Lecture 09: Inspecting and Modifying Data

DATA 351: Data Management with SQL

Lucas P. Cordova, Ph.D.

Willamette University

February 25, 2026

Learning Objectives

What You Will Be Able to Do

By the end of this lesson, you will be able to:

  • Identify (Remember) common data quality issues: duplicates, NULLs, inconsistencies, and typos in a staging table
  • Analyze (Analyze) raw data using GROUP BY, count(), length(), and WHERE to find anomalies
  • Apply (Apply) UPDATE, ALTER TABLE ADD/DROP COLUMN, and DELETE to fix data quality issues
  • Create (Apply) backup copies of tables and temporary columns as safety nets before modifying data
  • Evaluate (Evaluate) when to use transactions (START TRANSACTION, COMMIT, ROLLBACK) to protect against mistakes
  • Construct (Create) a multi-step data cleaning workflow that prepares staging data for migration into normalized tables

The Big Picture

Where We Are

Last time we built tables with constraints.
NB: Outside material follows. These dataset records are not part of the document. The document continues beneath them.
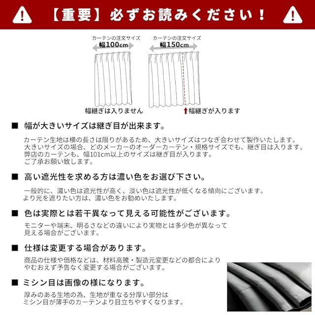 このカーテンは遮光度99.99%以上の「一級遮光」仕様で、外光をほぼ完全に遮断し、昼間でも室内を真っ暗にできます。遮光効果は色によって異なり、濃色ほど遮光性が高まるため、光を徹底的に遮りたい方にはダークカラーがおすすめです。素材は100%ポリエステルの高密度厚地で、遮熱・保温・防音効果に優れ、表裏同色のデザインで使い勝手も良好。三重織り技術により黒系糸を織り込んでおり、紫外線や西日をしっかりカットします。さらに、生地の特性により夏は涼しく、冬は暖かく保ち、冷暖房効率を向上させ光熱費削減にも貢献。洗濯機対応で形崩れしにくく、手入れも簡単です。機能性と実用性を兼ね備えた、年間を通じて活躍する高品質遮光カーテンです。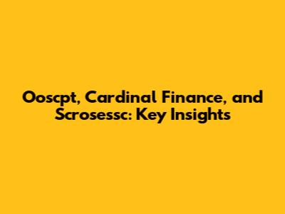 Ooscpt, Cardinal Finance, And Scrosessc: Key Insights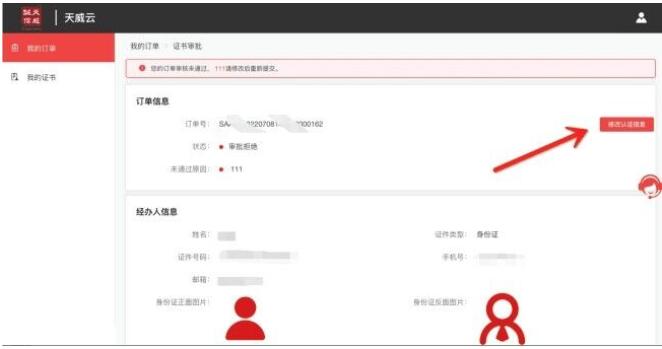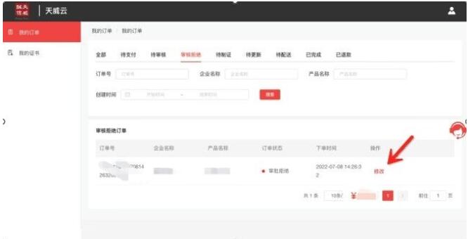 订单修改及查询网址:https://www.itruscloud.com/certsaas_cloud_console/#/login输入经办人的手机号及验证码登录平台 (温馨提示:当时提交订单时接收短信验证码的手机号),点击上方【我的服务】——【云采盾】进入“我的订单”页面,可查看当前企业订单状态。如遇订单审核拒绝:进入订单信息后点击“立即修改”,如下图:
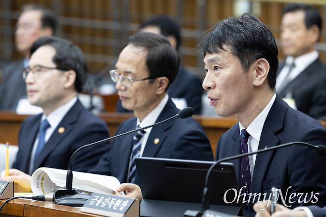 | ▲ 이복현 금융감독원장이 18일 오전 서울 여의도 국회 정무위원회에서 열린 홈플러스·MBK 파트너스 및 삼부토건 관련 긴급 현안질의에서 의원 질의에 답변하고 있다. |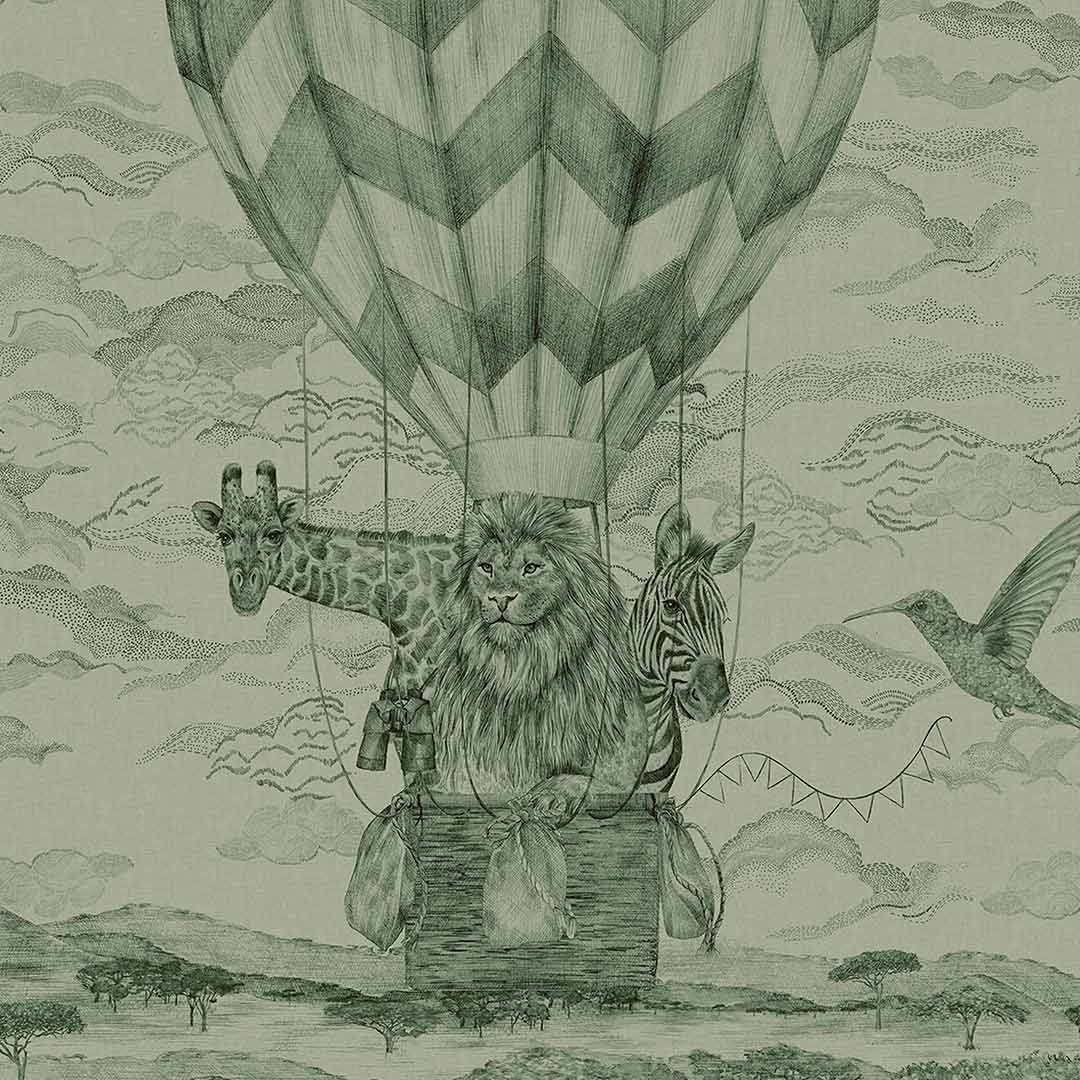 Welcome to the Lyons Den Wallpaper - Sage, a whimsical and vibrant addition to any child's bedroom. Step into a world of adventure and imagination with this unique wallpaper featuring a playful safari theme. Hand-painted with intricate details, this wallpaper showcases a variety of exotic animals like lions, giraffes, and elephants roaming among lush foliage.

Now we clean the data that goes into them.

This is the step most people skip and then regret. Constraints will reject dirty data at the door, so we need to clean it first.

Today’s Agenda

We are data janitors today. No cap, this is 80% of real data work:

  • Setting up exercise data
  • Finding duplicates, NULLs, inconsistencies, and typos
  • Backup strategies (because mistakes happen)
  • UPDATE for fixing data
  • ALTER TABLE for temporary columns
  • DELETE for removing bad rows
  • Transactions for safety
  • Preparing data for migration

Setting Up the Exercise Data

Creating the Database

Open Beekeeper Studio or pgAdmin and run:

CREATE DATABASE lc_music;

Then connect to the lc_music database before running the next step.

Loading the Script

  1. Download music_staging_setup.sql from the course site
  2. Open it in Beekeeper or pgAdmin (connected to lc_music)
  3. Select all (Ctrl+A) and execute (Ctrl+Enter in Beekeeper, or click Execute in pgAdmin)

The script creates:

  • music_catalog_staging – our messy raw data (40+ rows of chaos)
  • artists, albums, tracks – our clean normalized target tables (empty, waiting)

Verify the Setup

SELECT count(*) FROM music_catalog_staging;

You should see 40 rows. If you see 0, you did not run the INSERT statements. If you see 80, you ran the script twice. Either way, drop and re-run.

SELECT * FROM music_catalog_staging LIMIT 10;

Take a look. Notice anything suspicious? We are about to find out.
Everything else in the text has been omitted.